Song by Kavita Krishnamurthy and Karsan Sagathia

from the album Hum Dil De Chuke Sanam
- Released: 1999
- Genre: Soundtrack
- Length: 6:25
- Label: T-Series
- Songwriters: Ismail Darbar (music), Mehboob (lyrics)

Music video
- "Nimbooda" on YouTube

= Nimbooda =

"Nimbooda" (English: "Lime") is a traditional folk tune from Rajasthan. It was first popularized by Gazi Khan Barna of the Manganiar community in Rajasthan.

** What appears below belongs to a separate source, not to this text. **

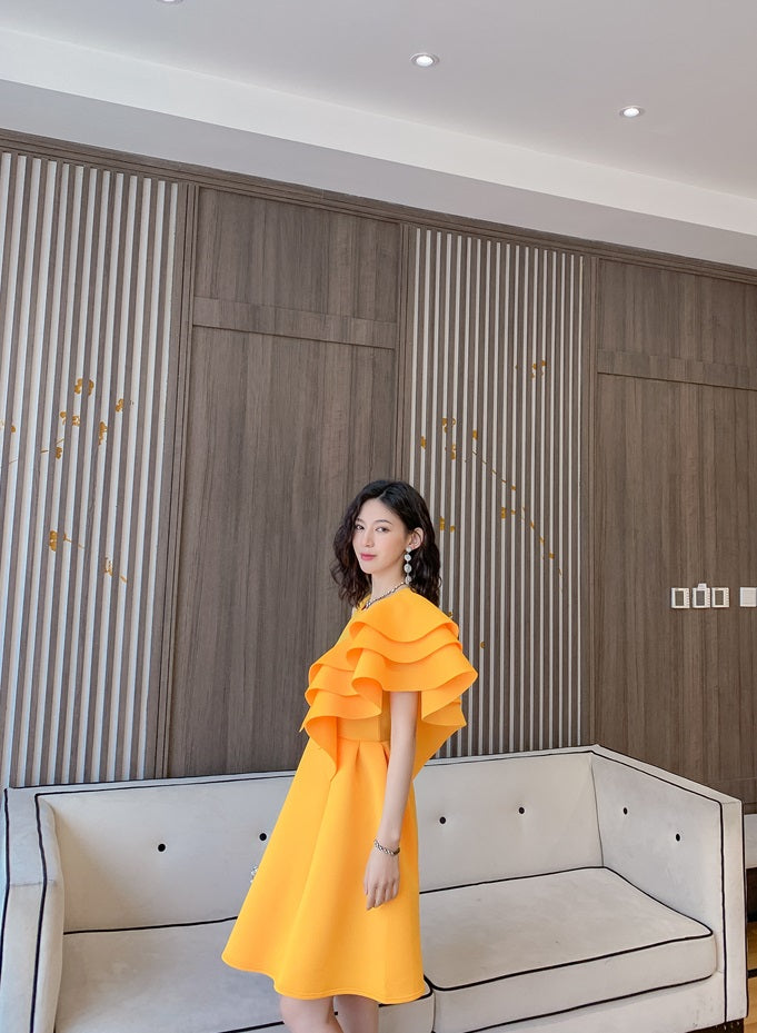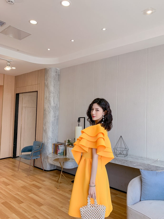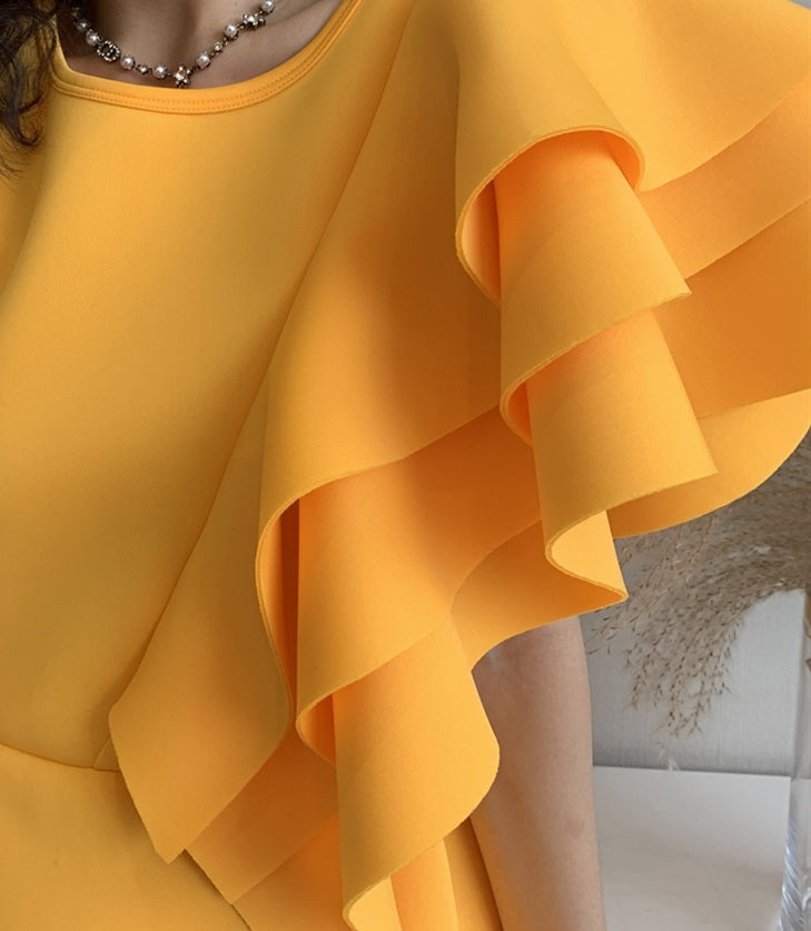 DOLLY Luxury Retro Style Crew Neck One Shoulder Ruffle Sleeves Midi Office Dress-CLAUDI

The song discusses fetching limes from the fields as a double entendre.

==Commercial versions==
"Nimbooda" was adapted for the 1999 Hindi film Hum Dil De Chuke Sanam. The music was adapted by Ismail Darbar and the lyrics were revised by Mehboob. "Nimbooda" was sung by Kavita Krishnamurthy and Karsan Sagathia and picturised on Aishwarya Rai, Ajay Devgn and Salman Khan.

==Music video==

Within the film, the song is performed as a dance at a wedding in Rajasthan. After fighting with her love interest Sameer (Salman Khan), Nandini (Aishwarya Rai) draws the attention of Vanraj (Ajay Devgn) who is a guest at the wedding. Saroj Khan choreographed the dancers.

==Other versions==

In 2017, Konnie Metaxa, a contestant on the Greek reality show Your Face Sounds Familiar, sang and danced to "Nimbooda" and won the 10th round with her performance.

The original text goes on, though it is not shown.